За моей спиной раздается голос:
– Совершенно справедливо. Если вы ведете себя как карфагеняне, вы переживете и их мучения, – говорит Геракл.
– В чем вы можете упрекнуть меня? – спрашиваю я.
– В том, господин Пэнсон, что вы полностью копируете некоторые эпизоды из истории «Земли-1».
– Это преступление?
– Копирование? Да. Это слишком легко. Это плохо, хотя довольно популярно. Не удивляйтесь же, что сходные причины вызывают сходные последствия.

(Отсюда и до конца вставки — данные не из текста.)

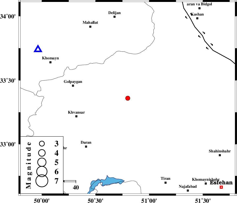 KASHAN_F (Length: 44 km) , Distance to epicenter: 83 km
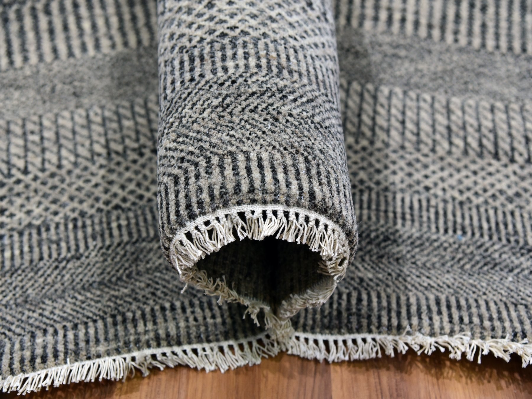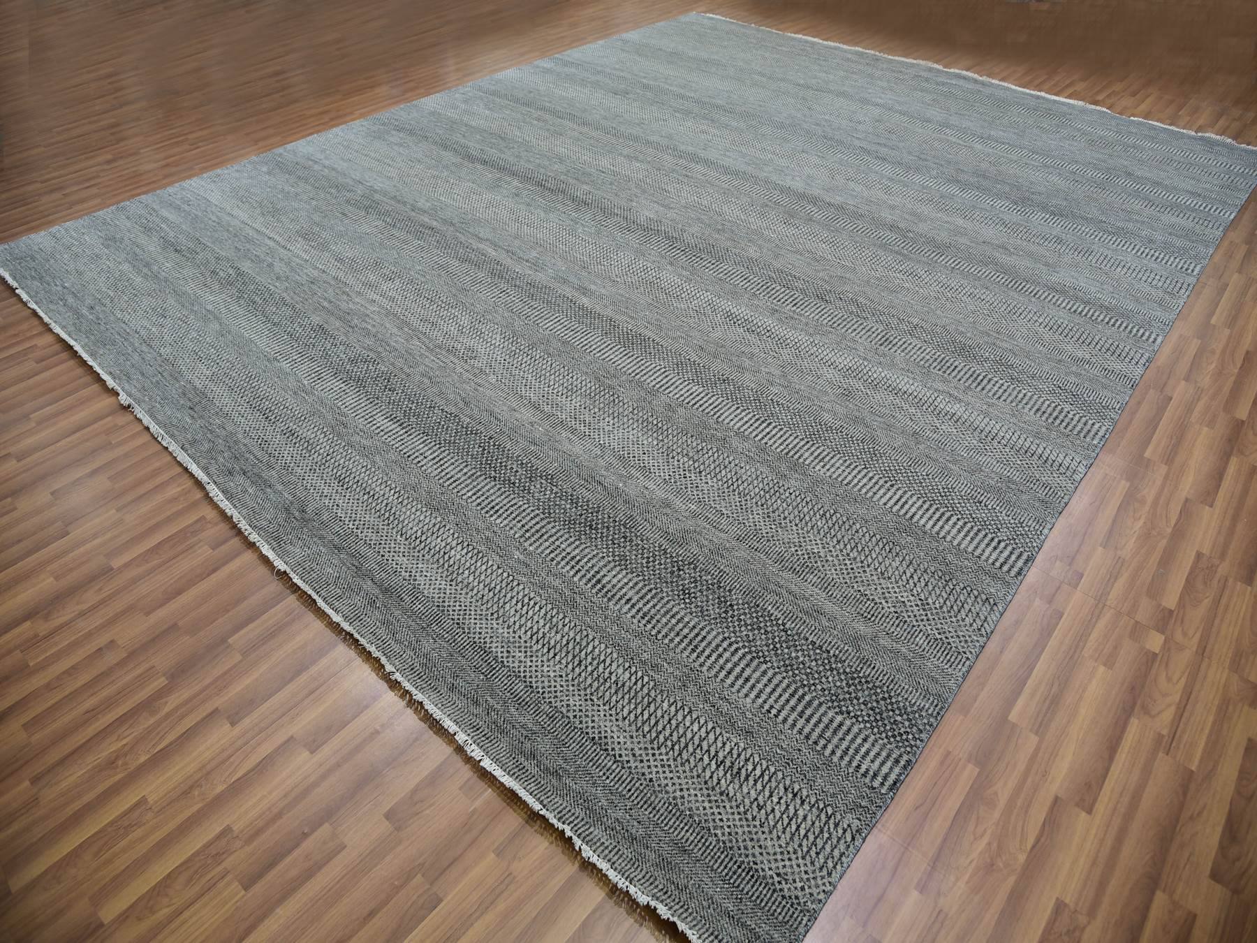12'1" x 15'1" New Hand Knotted Grey Wool Rectangle Oriental Rug - MOA10279868
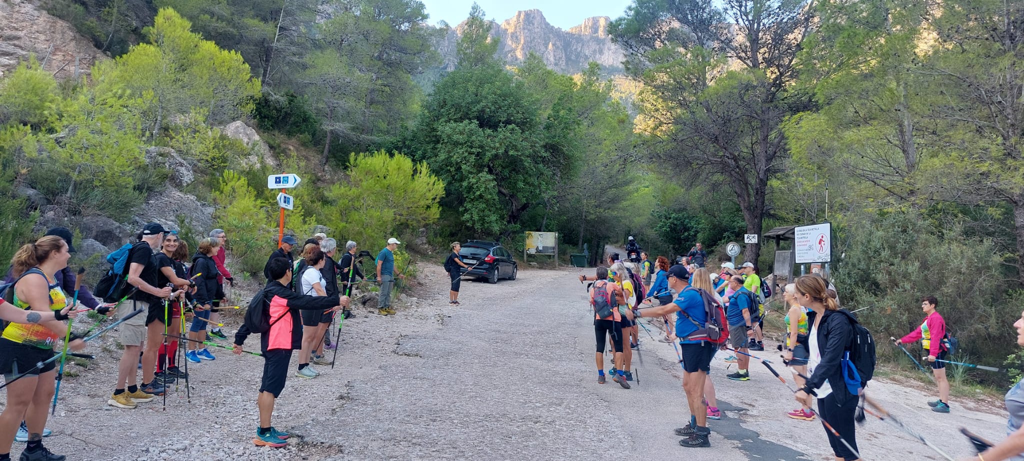 La mañana comenzó con una ruta de 2 horas y media por la Vía Verde del río Serpis, entre paisajes de montaña, puentes, túneles y cascadas. La actividad incluyó estiramientos previos y posteriores, subrayando la importancia de la técnica y la salud en esta disciplina.
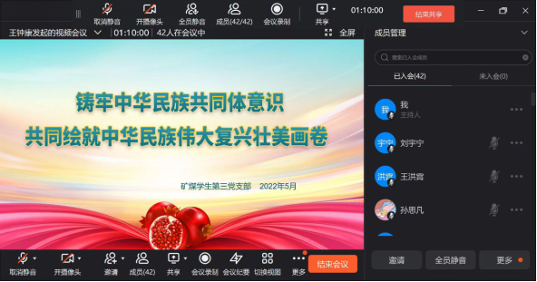 2022年5月27日晚18:00,太阳成tyc122cc员工第三党支部于钉钉平台召开党员党课学习,本次学习的主题是:铸牢中华民族共同体意识,共同绘就中华民族伟大复兴壮美画卷。领学人:闫妍同志。
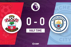 半场结束,曼城暂0-0南安普顿。
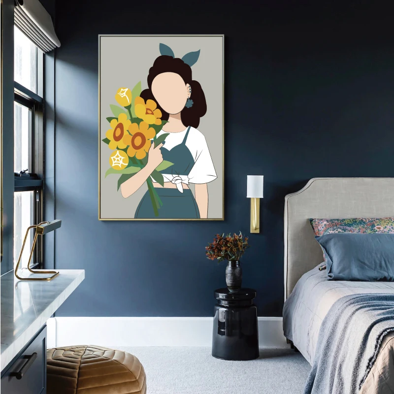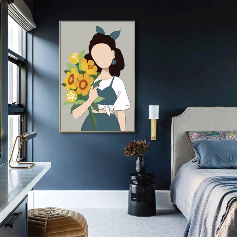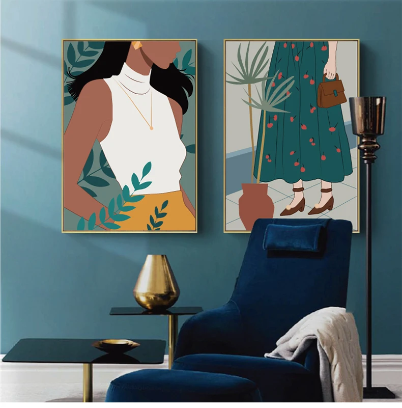 Скандинавская Синяя Женская картина маслом, холст, плакаты и печать...
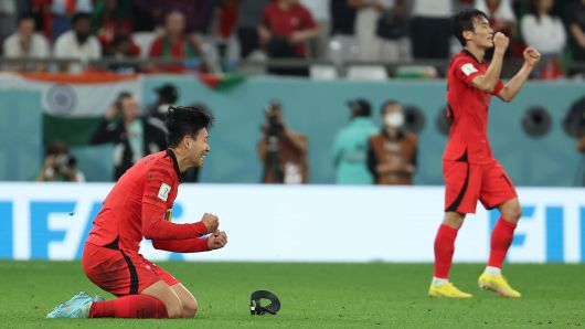 대한민국이 포르투갈에게 2:1로 역전승을 거뒀고 경기 종료 휘슬과 동시에 대한민국 선수단이 경기장으로 뛰쳐나와 기뻐하고 있습니다.
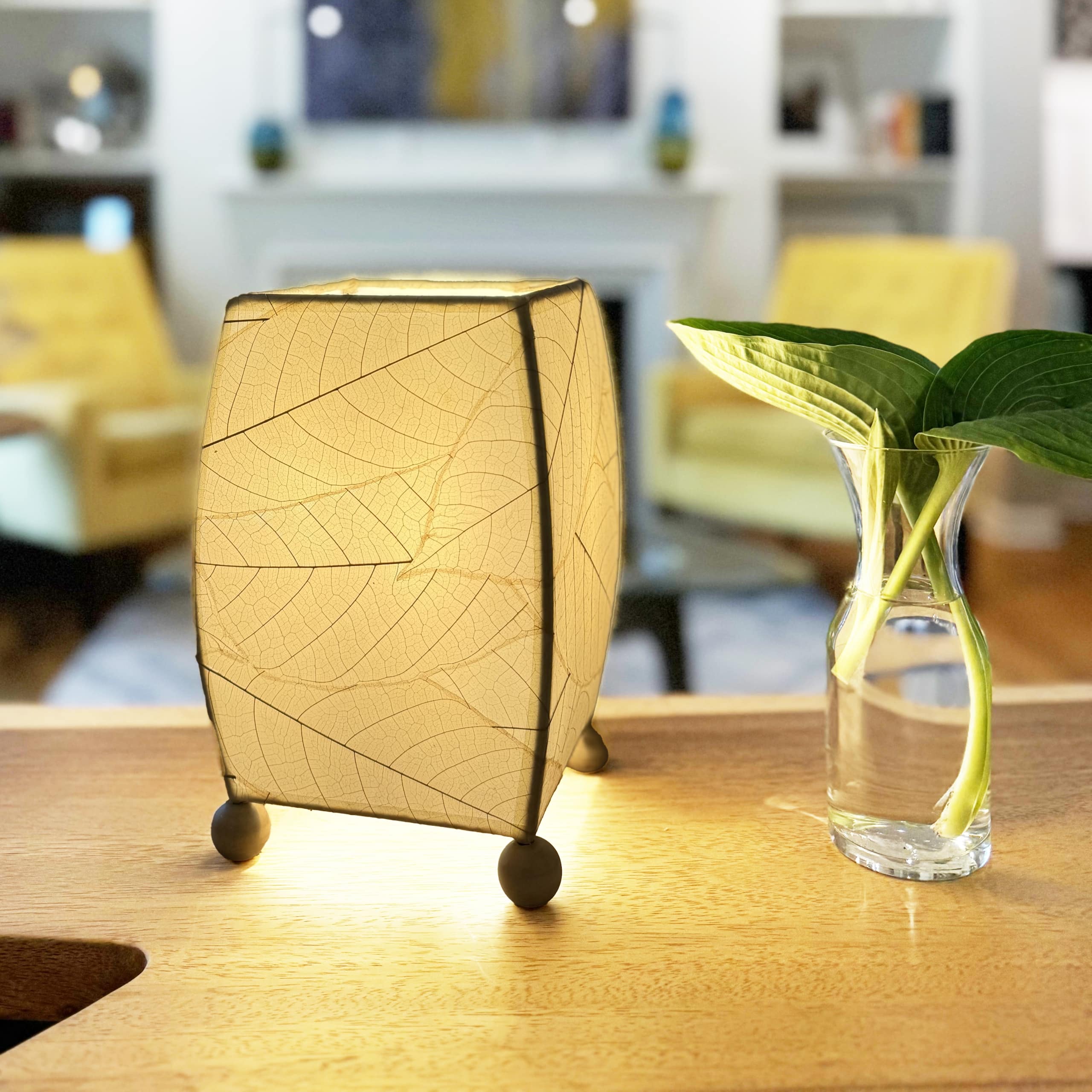 Mini Square Cocoa Leaf Table Lamp Natural

Не знаю, откуда вы берете информацию, но вы, вне всякого сомнения, повторяете историю «Земли-1».
Младший преподаватель хмурит брови.
– Вы думаете, я не узнал Ганнибала Карфагенского и его слонов? Ваш Освободитель – его бледная копия. И если бы копировали только вы, Пэнсон! А Эйфель со своим мудрецом, который как две капли похож на Сиддхартху! А этот псевдо-Александр Великий, которого я только что видел у львов! Да, я говорю об Отважном. Просто поразительно, до чего же у вас скудное воображение.
Я прячу в складках тоги «Энциклопедию относительного и абсолютного знания», чтобы Геракл не узнал, откуда я добываю сведения о событиях, происходивших на «Земле-1». Действительно, я знал, что мой учитель Эдмонд Уэллс питал слабость к Ганнибалу Карфагенскому. Я действительно запоем читал о подвигах этого молодого генерала, который, пойдя наперекор воле правительства, организовал военный поход, чтобы разгромить завоевателя своей родины. Узнав, что он к тому же выступал за отмену рабства и освободил от него Испанию и юг Галлии, я был совершенно покорен. Мне даже случалось думать, что если однажды я вернусь на землю простым смертным, то назову сына именем этого героя. Ганнибал один против римлян. Ганнибал, помиловавший поверженного врага. Ганнибал, преданный своими. Герой.
«Проявлять оригинальность», – пишет Геракл на доске. Он несколько раз подчеркивает эти слова.
– Не хватало еще, чтобы я обнаружил себя среди ваших потрепанных героев. В этом раунде я не буду награждать лучших. Я просто назову тех, кто выступил не так плохо, как другие.
Геракл снова садится, сверяется с блокнотом и объявляет:
– Итак, первый, несмотря на банальность героя, – Густав Эйфель с людьми-термитами. Его буддийская философия пользуется спросом. Он изобрел некую мягкую силу, в которой увязают те, кто пытается покорить его. Странно, но это работает. Я считаю, что Густав Эйфель лучше всех олицетворяет силу «А», силу присоединения.
Мы не решаемся аплодировать после столь кислой похвалы.
– На втором месте Жорж Мельес и его люди-тигры, которые находятся на пике развития. Мельес осуществил промышленную революцию, создал администрацию, опирающуюся на секретные службы, которые прекрасно контролируют всю территорию страны. Он олицетворяет силу «N», нейтральную силу. Он избегает как нападения, так и защиты. Люди-тигры правят страной, не испытывая ни жажды власти, ни страха. Вот поистине стабильная цивилизация.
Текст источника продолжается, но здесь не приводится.